River Bodies (Northampton County Book 1)

Home > Other > River Bodies (Northampton County Book 1) > Page 12
River Bodies (Northampton County Book 1) Page 12

by Karen Katchur


  Hap raised an eyebrow. “I don’t believe that case was ever solved. Was it?”

  “No,” Toby said. “It wasn’t.”

  “And why do you think that is?”

  Toby shifted his weight in the chair. “Are you saying Clint had something to do with it?”

  Hap shrugged.

  John looked at Hap, a look that said they were heading in a direction that John didn’t want to go. Of course, John wasn’t thinking about Clint, but rather he was thinking about Becca, Clint’s daughter. The more removed she was from him the better.

  “So what’s it going to be?” Hap asked, narrowing his eyes and leaning in close to the chief. “Are you going to help us out or not?”

  CHAPTER TWENTY-ONE

  Becca stayed on the dock when Parker went into the house to get ready for work. She watched the sunrise, in no hurry to rush back to her father’s bedside. The fresh air moved through her lungs easily. A damp breeze blew from the water despite the warmth of the sun’s rays slipping through the branches of the trees. She hugged herself against the chill. She’d forgotten how quiet early mornings on the river could be, how peaceful.

  Her life on the other side of the river had left very little time for stopping, sitting, being still. Her mornings were spent running with Romy, focused on the trail, her pace, monitoring the dog, making sure the dog was getting the exercise she needed, resting and racing with the dog’s natural rhythm. And more times than not, Becca’s thoughts were on the animals in her care at the clinic.

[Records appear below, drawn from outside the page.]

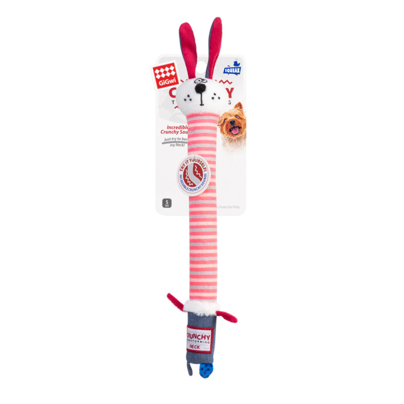 М'яка іграшка для собак Заєць з хрусткою шиєю та пищалкою Gigwi Crunchy 75516 28 см червоний
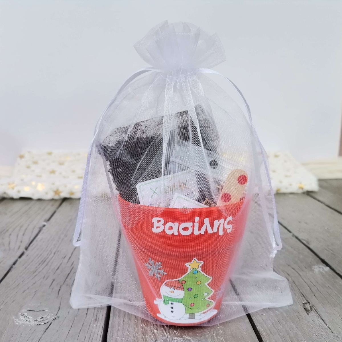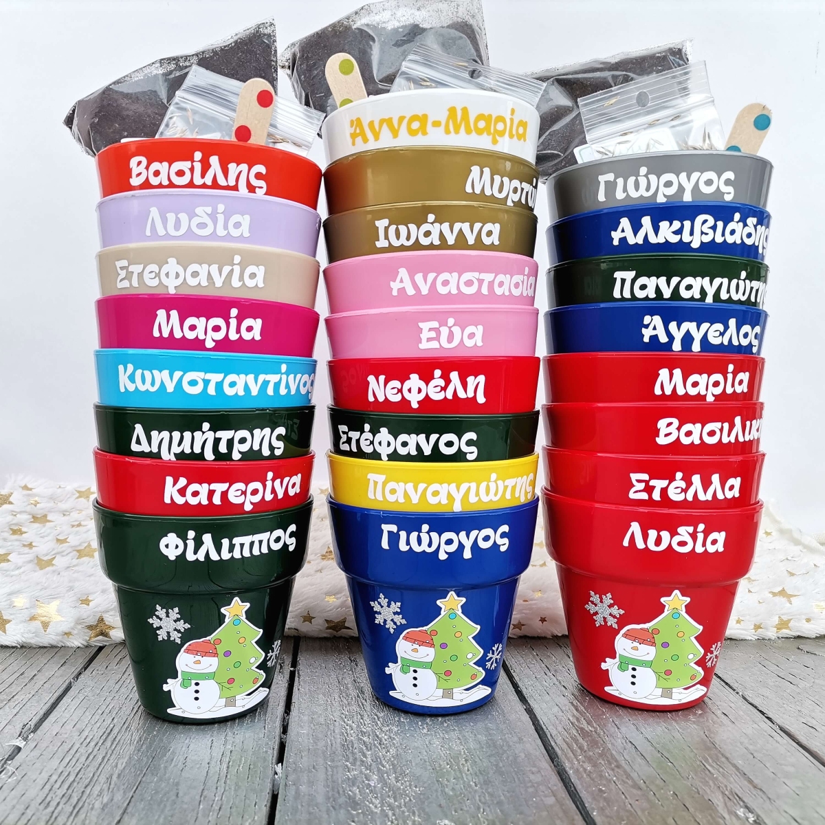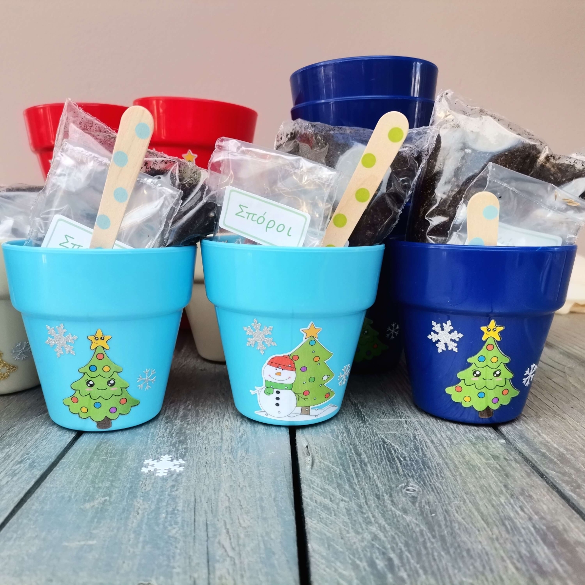 Τα Χειροποίητα Χριστουγεννιάτικα Δωράκια Γλαστράκια Φύτευσης είναι το πιο πρωτότυπο και οικολογικό δώρο! 🪴 Δώστε μια πολύχρωμη νότα σε παιδικά πάρτυ και γιορτές. Επιλέξτε το αγαπημένο σας σχέδιο και εξατομικεύστε το με όνομα! (Διαστάσεις: 8,5εκ x 8,0εκ).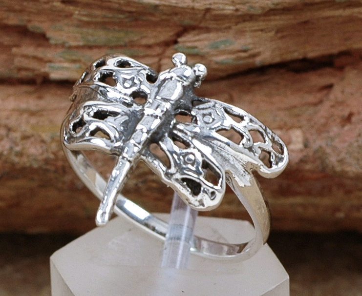 Sie sehen hier einen filigran gearbeiteten Ring aus massivem Silber, mit einem schönen Libellen Motiv.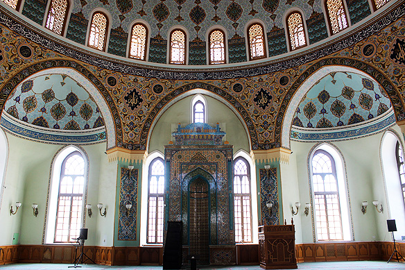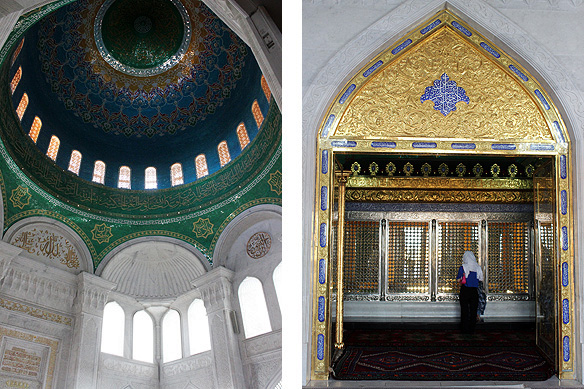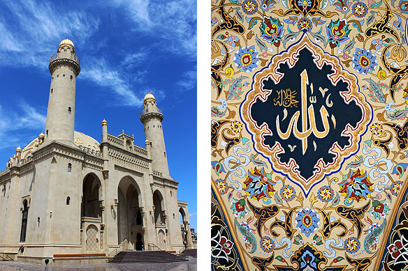 Azerbaijan’s central mosque, the Taza Pir Mosque, is decorated with white marble domes and the Azerbaijani school of painting.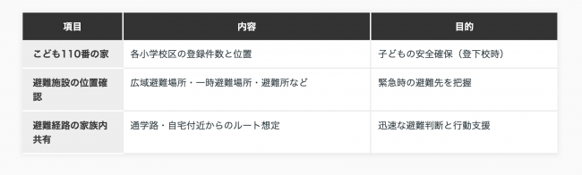 こうした情報をもとに、ご家庭で「お子さまが学校から帰る際、もしものときにはどこへ向かうか」「どの避難施設に向かうか」「避難経路はどうするか」といったシミュレーションをしておくことは、いざというときの迅速な判断につながります。特に、ハザードマップに示される浸水や水害リスクと避難施設の位置関係を確認しておくことで、避難先選びの判断がしやすくなります。

She made a mental note to call Vicky later to check on Maggie.

  And then there was Picasso, the cat who had chewed an electrical wire, shocking and burning the inside of his mouth, lucky to be alive. Which reminded her of Lucky, Matt’s cat, although Becca couldn’t remember the last time Matt had actually fed the cat or cleaned her litter box. Becca missed the feline rubbing against her legs, the sound of her purr, her soft kitty fur.

  Eventually, inevitably, she circled back to Matt, how he would hate sitting here, motionless, taking in the scenery. If he were beside her, she imagined he would be staring at his phone—texting, calling, working—missing the beauty around him.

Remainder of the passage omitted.